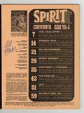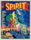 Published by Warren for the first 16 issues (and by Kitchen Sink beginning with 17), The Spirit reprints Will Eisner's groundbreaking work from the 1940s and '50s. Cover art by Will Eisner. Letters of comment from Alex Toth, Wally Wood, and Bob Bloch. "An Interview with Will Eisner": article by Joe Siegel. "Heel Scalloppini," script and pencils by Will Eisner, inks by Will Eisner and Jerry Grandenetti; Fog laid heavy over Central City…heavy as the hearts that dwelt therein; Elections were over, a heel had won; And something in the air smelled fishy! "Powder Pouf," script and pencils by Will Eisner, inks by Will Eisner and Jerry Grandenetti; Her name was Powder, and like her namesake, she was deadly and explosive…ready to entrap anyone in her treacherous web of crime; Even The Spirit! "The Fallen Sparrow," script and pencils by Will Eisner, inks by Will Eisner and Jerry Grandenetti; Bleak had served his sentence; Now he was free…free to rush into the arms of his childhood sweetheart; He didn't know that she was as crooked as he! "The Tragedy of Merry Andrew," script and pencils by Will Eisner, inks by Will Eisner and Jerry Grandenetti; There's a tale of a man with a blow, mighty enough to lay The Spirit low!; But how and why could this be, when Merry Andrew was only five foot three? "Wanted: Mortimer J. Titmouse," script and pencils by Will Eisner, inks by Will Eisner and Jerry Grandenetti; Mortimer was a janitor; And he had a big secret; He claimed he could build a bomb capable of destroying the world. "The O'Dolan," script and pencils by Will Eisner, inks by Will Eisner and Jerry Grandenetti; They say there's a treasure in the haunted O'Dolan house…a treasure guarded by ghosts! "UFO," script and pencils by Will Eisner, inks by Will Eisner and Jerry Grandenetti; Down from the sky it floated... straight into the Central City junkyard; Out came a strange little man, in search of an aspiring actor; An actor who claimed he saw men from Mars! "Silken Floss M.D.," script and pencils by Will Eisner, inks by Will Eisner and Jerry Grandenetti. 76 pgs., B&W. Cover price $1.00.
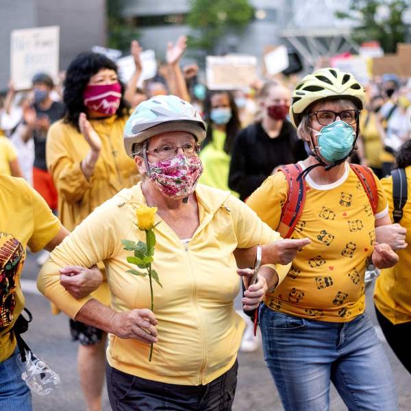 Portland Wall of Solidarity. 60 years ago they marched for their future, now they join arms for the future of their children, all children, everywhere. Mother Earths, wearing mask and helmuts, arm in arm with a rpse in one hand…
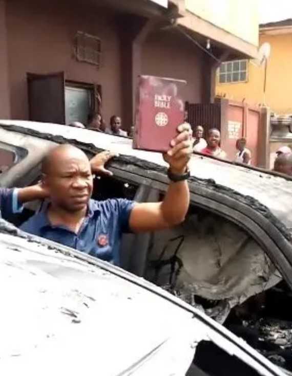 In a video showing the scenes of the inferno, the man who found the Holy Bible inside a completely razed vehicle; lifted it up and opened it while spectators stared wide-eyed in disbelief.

==

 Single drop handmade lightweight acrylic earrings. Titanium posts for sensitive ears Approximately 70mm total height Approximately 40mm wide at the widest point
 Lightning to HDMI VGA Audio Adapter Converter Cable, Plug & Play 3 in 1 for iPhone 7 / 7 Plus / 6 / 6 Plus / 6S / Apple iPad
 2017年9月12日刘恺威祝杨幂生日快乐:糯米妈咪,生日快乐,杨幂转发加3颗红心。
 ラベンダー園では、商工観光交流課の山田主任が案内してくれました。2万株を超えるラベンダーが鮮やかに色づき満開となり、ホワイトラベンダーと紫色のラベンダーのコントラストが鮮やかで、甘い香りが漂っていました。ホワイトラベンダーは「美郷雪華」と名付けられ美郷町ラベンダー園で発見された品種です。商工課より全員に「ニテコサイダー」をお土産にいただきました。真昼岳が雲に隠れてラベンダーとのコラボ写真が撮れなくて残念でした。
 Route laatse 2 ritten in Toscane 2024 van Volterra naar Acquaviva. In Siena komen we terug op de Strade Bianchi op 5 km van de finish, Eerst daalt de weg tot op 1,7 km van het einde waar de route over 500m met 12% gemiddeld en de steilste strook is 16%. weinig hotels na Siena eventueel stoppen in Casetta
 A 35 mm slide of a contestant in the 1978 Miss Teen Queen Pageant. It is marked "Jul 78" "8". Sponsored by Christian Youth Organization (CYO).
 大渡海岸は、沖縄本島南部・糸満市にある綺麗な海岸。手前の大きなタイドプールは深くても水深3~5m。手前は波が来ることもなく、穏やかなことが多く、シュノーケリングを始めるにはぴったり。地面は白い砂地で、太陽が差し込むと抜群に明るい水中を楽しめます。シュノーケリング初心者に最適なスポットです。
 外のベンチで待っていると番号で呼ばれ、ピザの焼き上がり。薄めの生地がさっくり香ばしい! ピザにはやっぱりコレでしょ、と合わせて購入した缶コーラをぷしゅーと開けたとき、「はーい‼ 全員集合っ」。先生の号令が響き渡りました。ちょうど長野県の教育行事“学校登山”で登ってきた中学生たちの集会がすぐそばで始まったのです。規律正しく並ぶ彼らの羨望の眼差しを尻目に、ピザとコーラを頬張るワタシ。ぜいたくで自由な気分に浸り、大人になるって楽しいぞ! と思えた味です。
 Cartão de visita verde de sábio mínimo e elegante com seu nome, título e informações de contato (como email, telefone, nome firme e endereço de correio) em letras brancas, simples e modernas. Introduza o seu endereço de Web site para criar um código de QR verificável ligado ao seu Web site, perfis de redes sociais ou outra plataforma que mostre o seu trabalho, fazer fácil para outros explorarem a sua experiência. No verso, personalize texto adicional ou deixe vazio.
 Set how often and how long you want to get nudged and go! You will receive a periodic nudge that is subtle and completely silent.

---

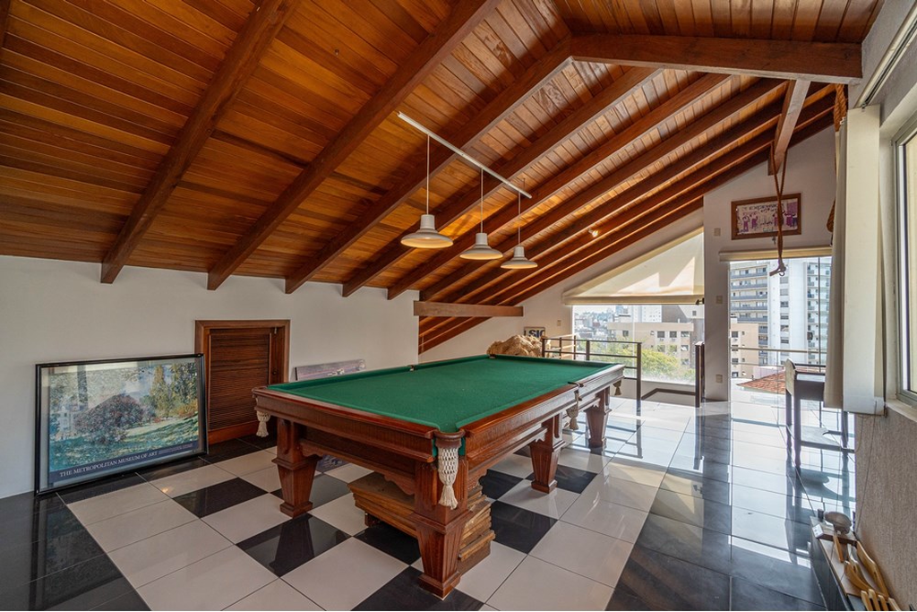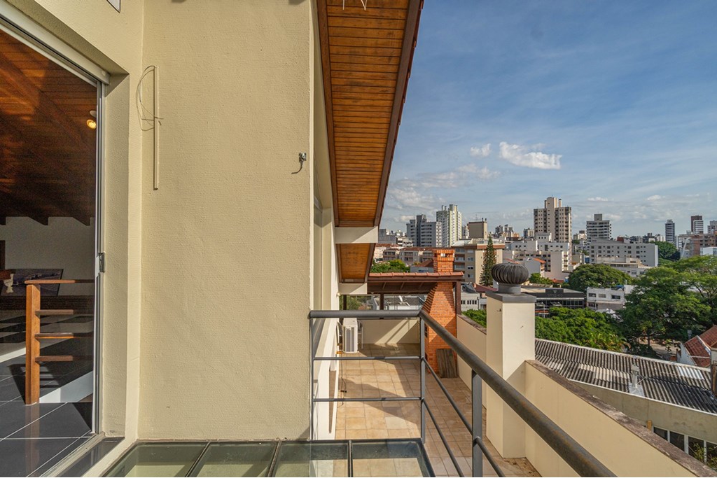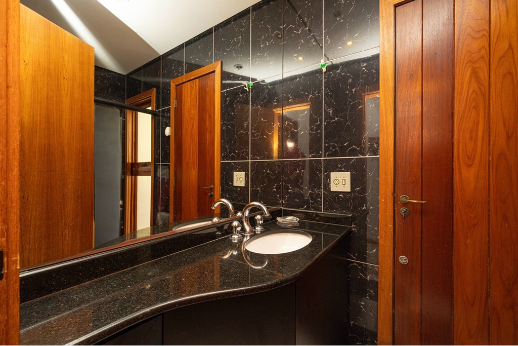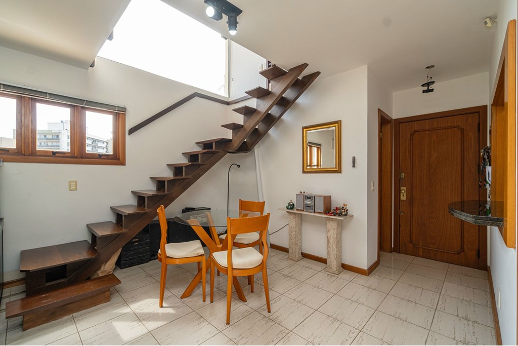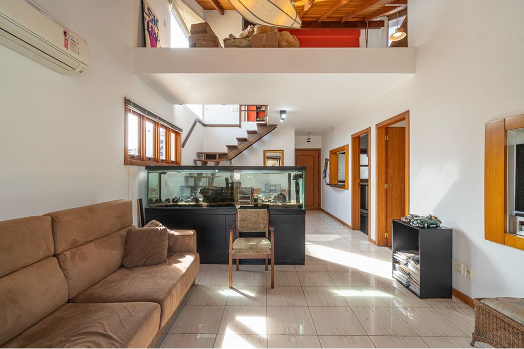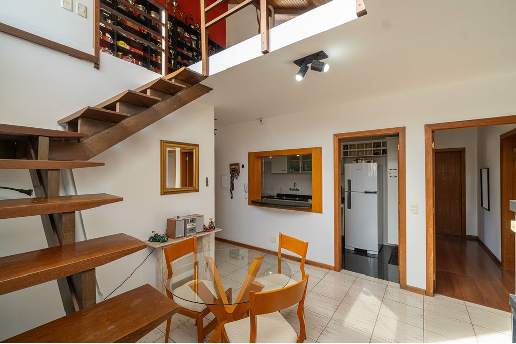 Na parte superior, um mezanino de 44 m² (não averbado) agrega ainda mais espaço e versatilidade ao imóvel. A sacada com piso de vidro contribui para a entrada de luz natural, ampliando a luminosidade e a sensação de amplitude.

▶ EXERCISE DESCRIPTION: Look above for the line holding "A 35 mm slide". Print it and every line after it, exactly, through the line holding "Set how often".

▶ RESPONSE FOR THIS EXERCISE:
 A 35 mm slide of a contestant in the 1978 Miss Teen Queen Pageant. It is marked "Jul 78" "8". Sponsored by Christian Youth Organization (CYO).
 大渡海岸は、沖縄本島南部・糸満市にある綺麗な海岸。手前の大きなタイドプールは深くても水深3~5m。手前は波が来ることもなく、穏やかなことが多く、シュノーケリングを始めるにはぴったり。地面は白い砂地で、太陽が差し込むと抜群に明るい水中を楽しめます。シュノーケリング初心者に最適なスポットです。
 外のベンチで待っていると番号で呼ばれ、ピザの焼き上がり。薄めの生地がさっくり香ばしい! ピザにはやっぱりコレでしょ、と合わせて購入した缶コーラをぷしゅーと開けたとき、「はーい‼ 全員集合っ」。先生の号令が響き渡りました。ちょうど長野県の教育行事“学校登山”で登ってきた中学生たちの集会がすぐそばで始まったのです。規律正しく並ぶ彼らの羨望の眼差しを尻目に、ピザとコーラを頬張るワタシ。ぜいたくで自由な気分に浸り、大人になるって楽しいぞ! と思えた味です。
 Cartão de visita verde de sábio mínimo e elegante com seu nome, título e informações de contato (como email, telefone, nome firme e endereço de correio) em letras brancas, simples e modernas. Introduza o seu endereço de Web site para criar um código de QR verificável ligado ao seu Web site, perfis de redes sociais ou outra plataforma que mostre o seu trabalho, fazer fácil para outros explorarem a sua experiência. No verso, personalize texto adicional ou deixe vazio.
 Set how often and how long you want to get nudged and go! You will receive a periodic nudge that is subtle and completely silent.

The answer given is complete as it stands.